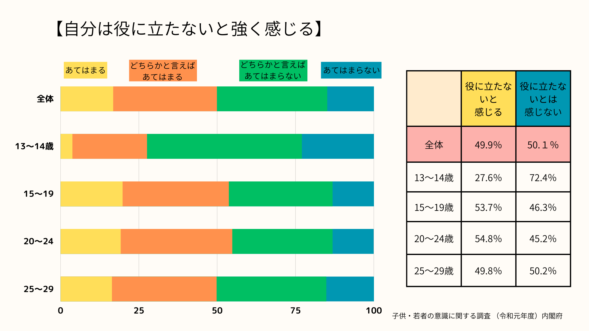 内閣府が実施した令和元年度の「子共・若者の意識に関する調査」で「自分は役に立たないと感じるか」という質問があります。その質問に対してなんと、2人に1人が「あてはまる」と答えているのです。
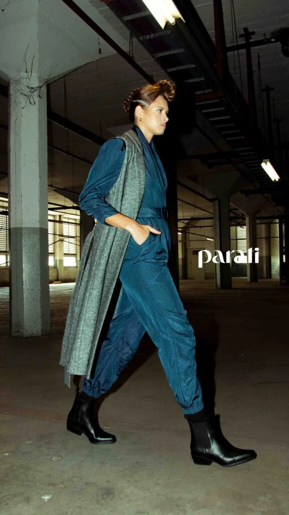 Chaleco de paño de lana mezcla y mono de siré. @claraibarguren. Botinetas de cuero @sofi_martire
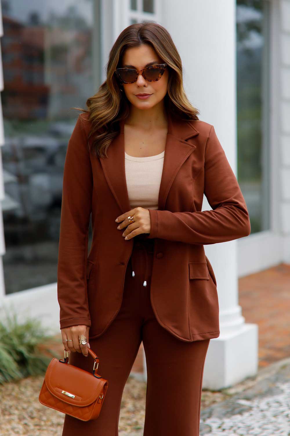 O conjunto com blazer Luka permite combinações variadas: use com tênis e camiseta para um look urbano e moderno ou com salto e acessórios para uma proposta mais elegante. É uma peça-chave para quem quer praticidade e estilo no mesmo visual.
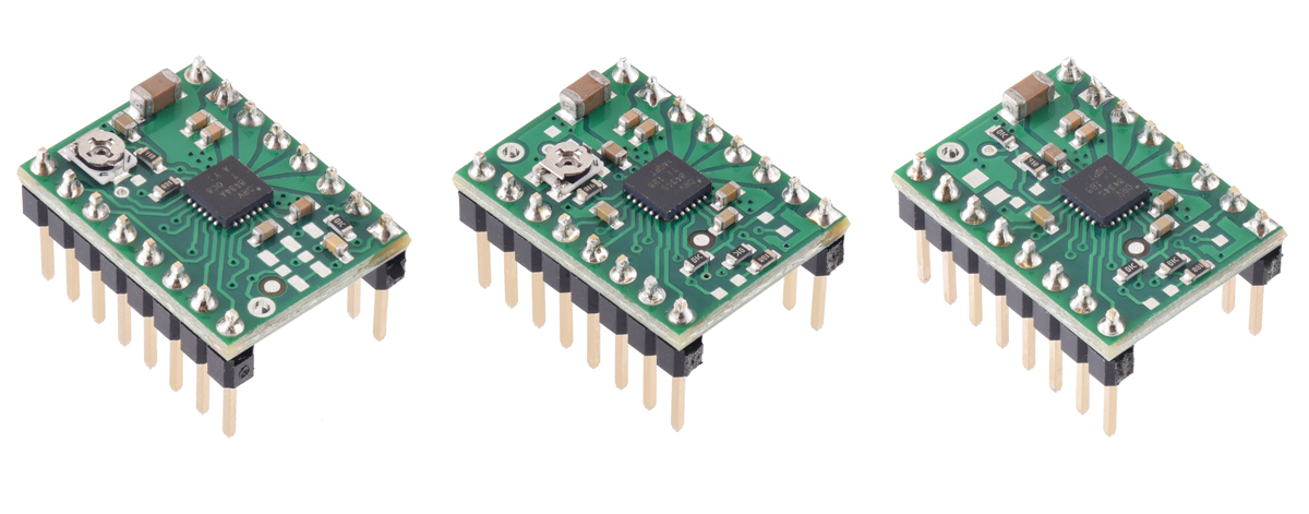 Our selection of compact stepper motor driver carriers is expanding with the addition of three new boards based on the DRV8434A and DRV8434S from Texas Instruments. They feature stall detection, adjustable current limiting, over-current and over-temperature protection, and 11 microstep resolutions (down to 1/256-step). They operate from 4.5 V to 48 V and can deliver approximately 1.2 A continuous per phase without a heat sink (up to 2 A peak). The DRV8434A version uses a standard GPIO interface for configuring microstepping and stall detection and a potentiometer for setting the current limit, while the DRV8434S versions use SPI to configure microstepping, stall detection, decay modes, and the effective current limit.

__TASK PROMPT__: Please write out only the material above, exactly, from its first line through the line that contains "O conjunto com", and include no pictures.

__ANSWER AREA__:
 内閣府が実施した令和元年度の「子共・若者の意識に関する調査」で「自分は役に立たないと感じるか」という質問があります。その質問に対してなんと、2人に1人が「あてはまる」と答えているのです。
 Chaleco de paño de lana mezcla y mono de siré. @claraibarguren. Botinetas de cuero @sofi_martire
 O conjunto com blazer Luka permite combinações variadas: use com tênis e camiseta para um look urbano e moderno ou com salto e acessórios para uma proposta mais elegante. É uma peça-chave para quem quer praticidade e estilo no mesmo visual.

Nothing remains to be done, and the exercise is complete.